Work item:
Everything from the line holding "import matplotlib.pyplot as" to the last line of the material below must be retyped exactly, minus any pictures.

Dataset extract:
-- Opening Marker --

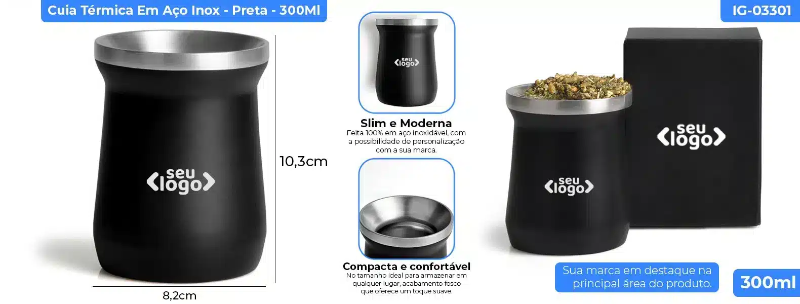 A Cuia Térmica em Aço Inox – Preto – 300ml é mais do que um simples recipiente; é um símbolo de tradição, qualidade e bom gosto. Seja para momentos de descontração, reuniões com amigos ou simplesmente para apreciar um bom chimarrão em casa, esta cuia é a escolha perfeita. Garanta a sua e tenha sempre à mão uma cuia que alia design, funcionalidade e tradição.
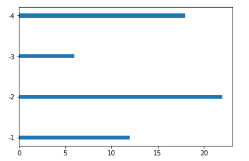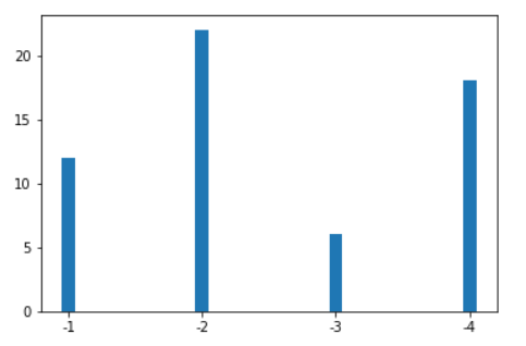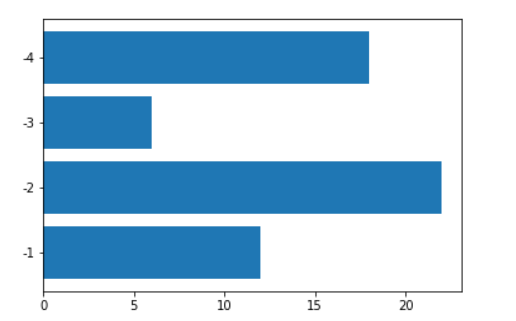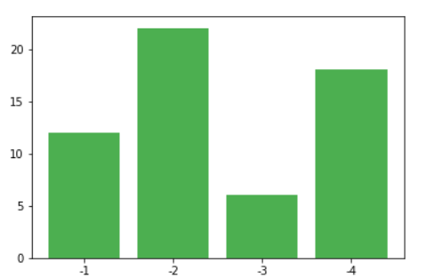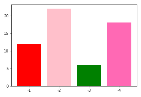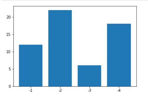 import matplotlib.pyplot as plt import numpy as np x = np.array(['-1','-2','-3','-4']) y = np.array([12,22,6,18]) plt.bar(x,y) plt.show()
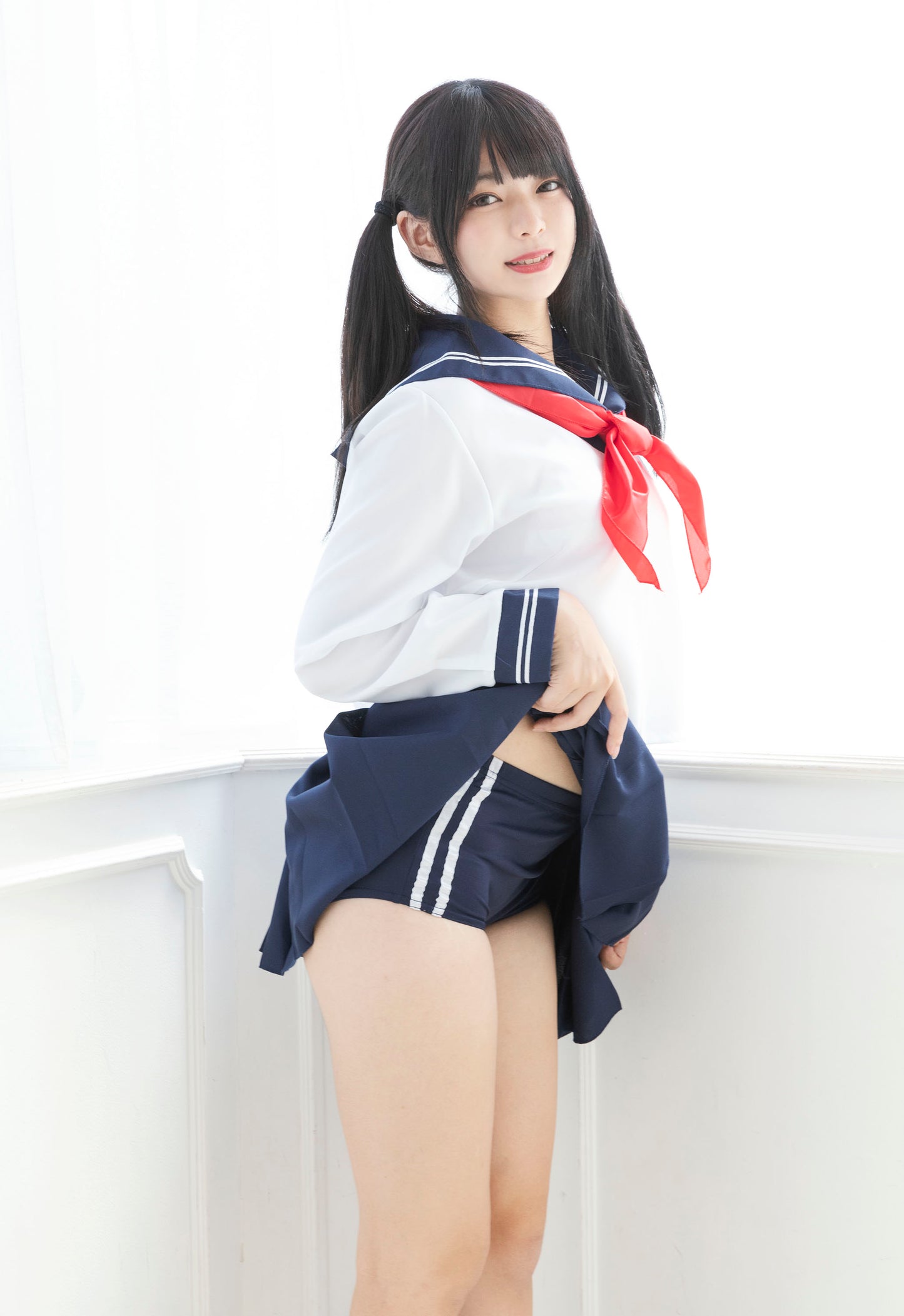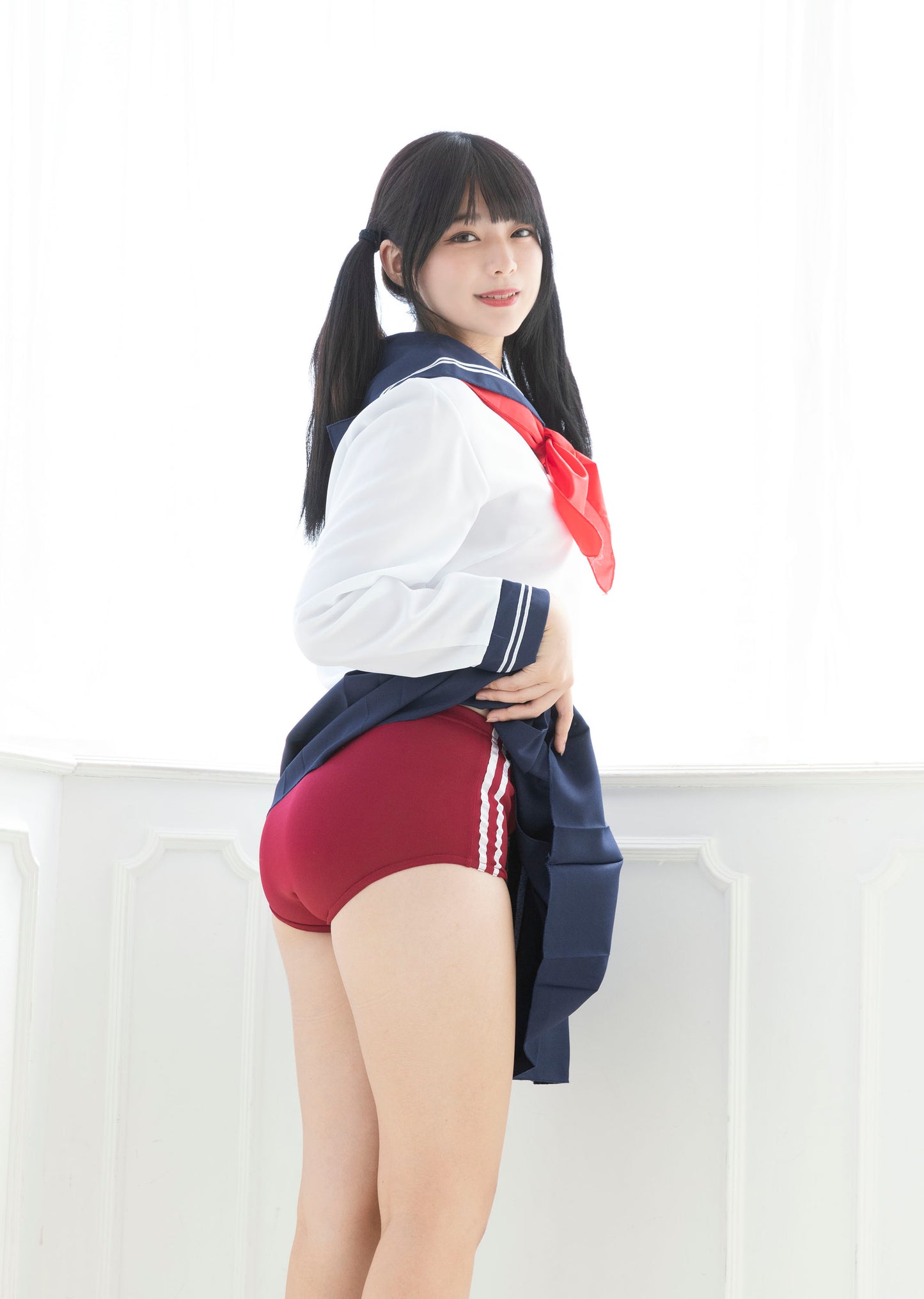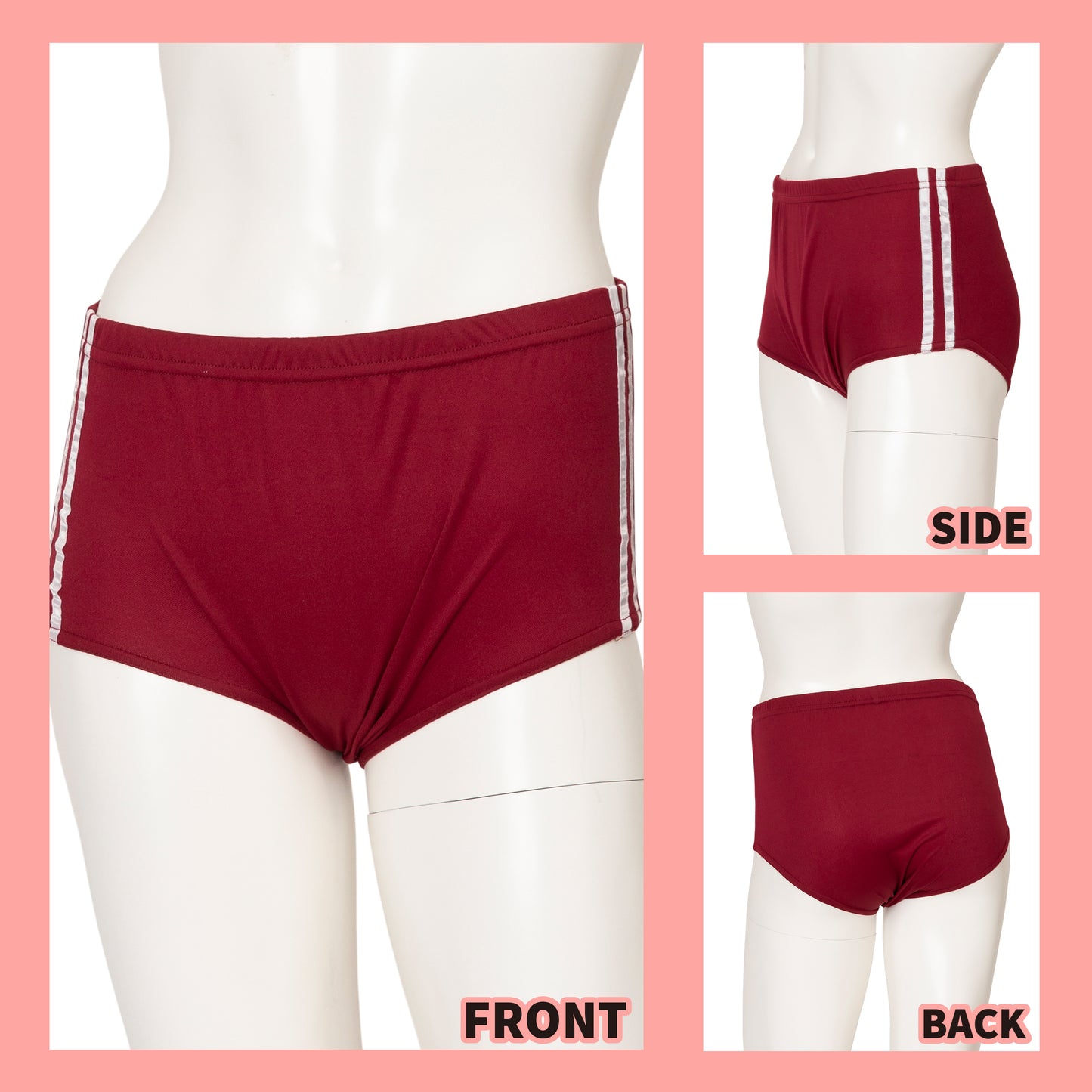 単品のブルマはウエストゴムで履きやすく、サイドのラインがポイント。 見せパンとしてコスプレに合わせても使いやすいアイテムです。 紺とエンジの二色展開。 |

-- Closing Marker --

Answer to the problem:
 import matplotlib.pyplot as plt import numpy as np x = np.array(['-1','-2','-3','-4']) y = np.array([12,22,6,18]) plt.bar(x,y) plt.show()
 単品のブルマはウエストゴムで履きやすく、サイドのラインがポイント。 見せパンとしてコスプレに合わせても使いやすいアイテムです。 紺とエンジの二色展開。 |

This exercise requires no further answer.